Online accommodation platform Airbnb has said it will temporarily house 20,000 Afghan refugees at no charge to help them resettle across the world.
The company’s boss said the move was in response to “one of the biggest humanitarian crises of our time”.
He said the firm felt a responsibility to step up.
Chief executive Brian Chesky added: “I hope this inspires other business leaders to do the same. There’s no time to waste.”
“As tens of thousands of Afghan refugees resettle around the world, where they stay will be the first chapter in their new lives.
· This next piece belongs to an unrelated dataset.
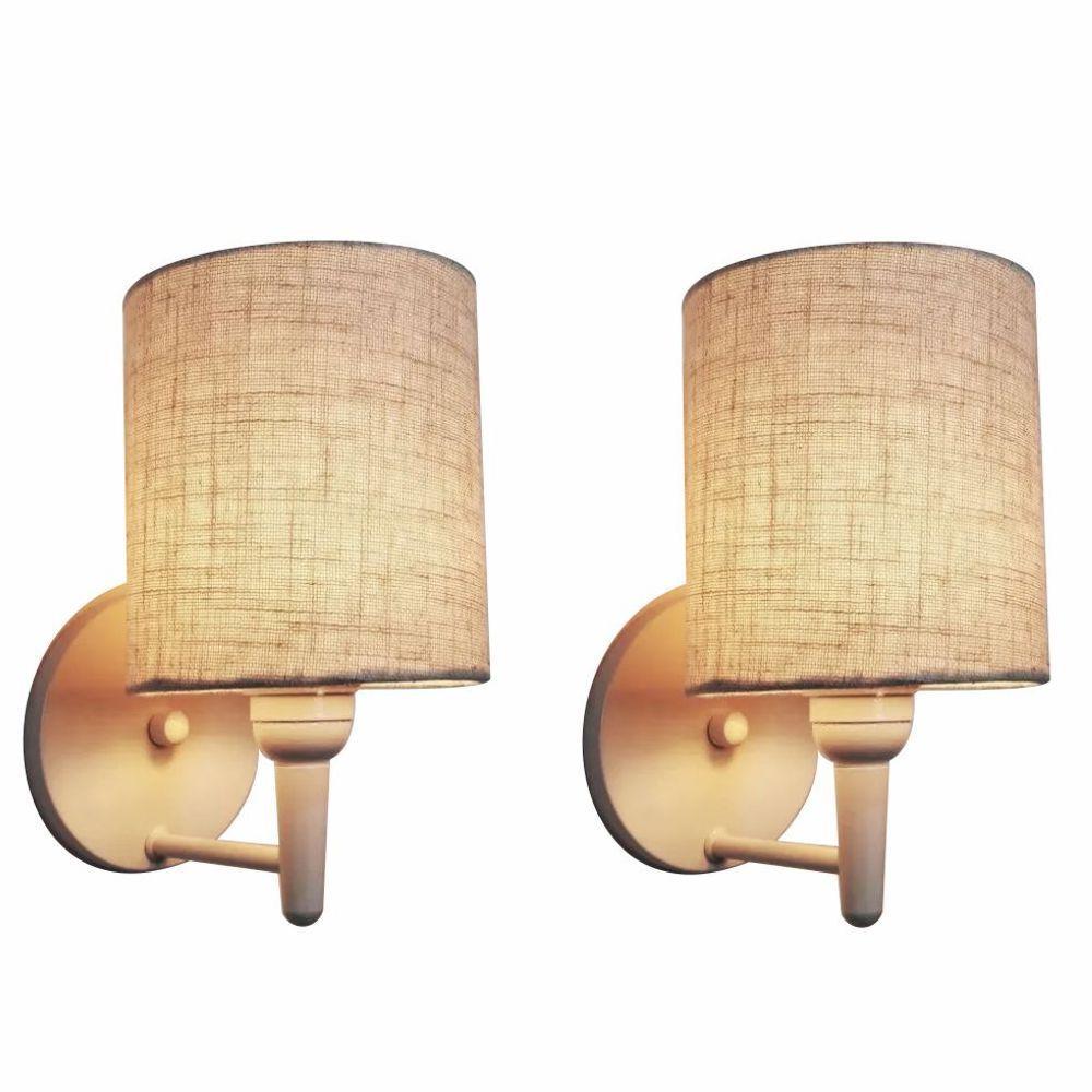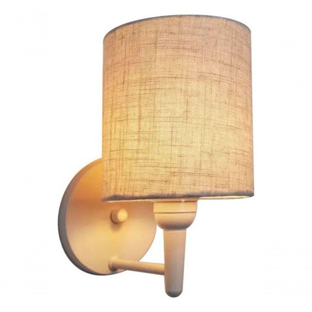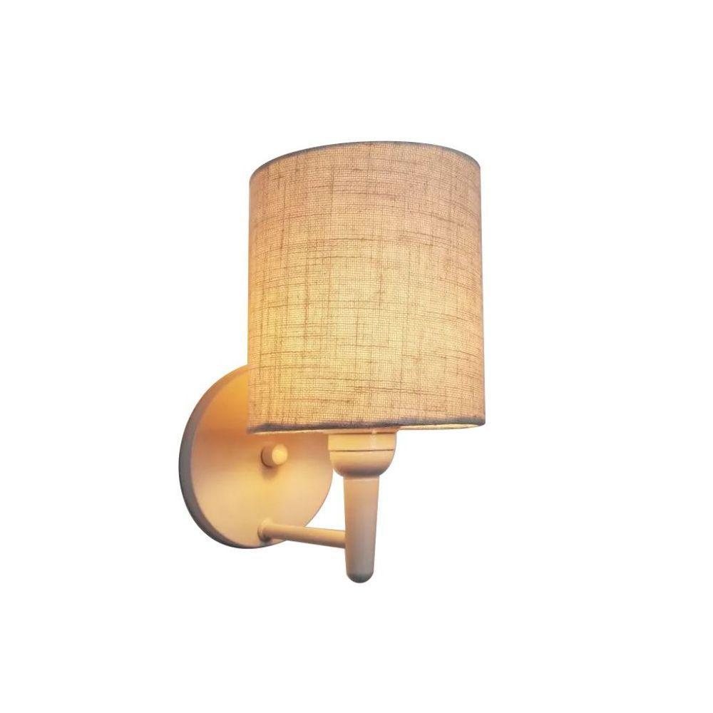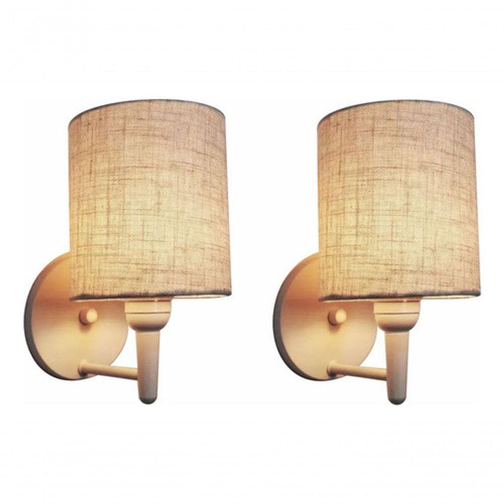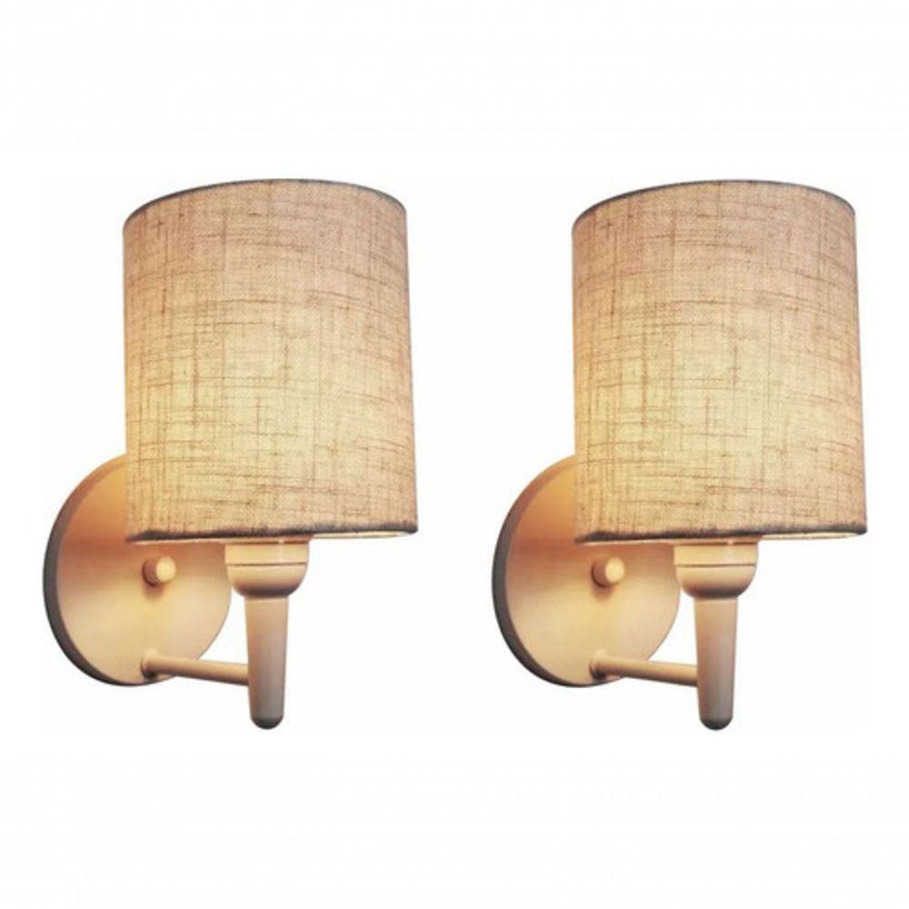 Kit/2 Arandela Cilíndrica Md-2009 Base Branco Cúpula Em Tecido 14x15cm Rustico Bege - Bivolt

For these 20,000 refugees, my hope is that the Airbnb community will provide them with not only a safe place to rest and start over, but also a warm welcome home,” he said.
The offer starts immediately and the company said it was working with non-governmental organisations “on the ground” to help with the most pressing needs.
It has not specified how much the company plans to spend on the initiative or how long refugees will be housed for.
But it said it would collaborate with resettlement agencies and partners “to go where the need goes” and evolve the initiative and its support as necessary.
“Starting today, Airbnb will begin housing 20,000 Afghan refugees globally for free,” Mr Chesky tweeted on Tuesday.
“While we will be paying for these stays, we could not do this without the generosity of our hosts.”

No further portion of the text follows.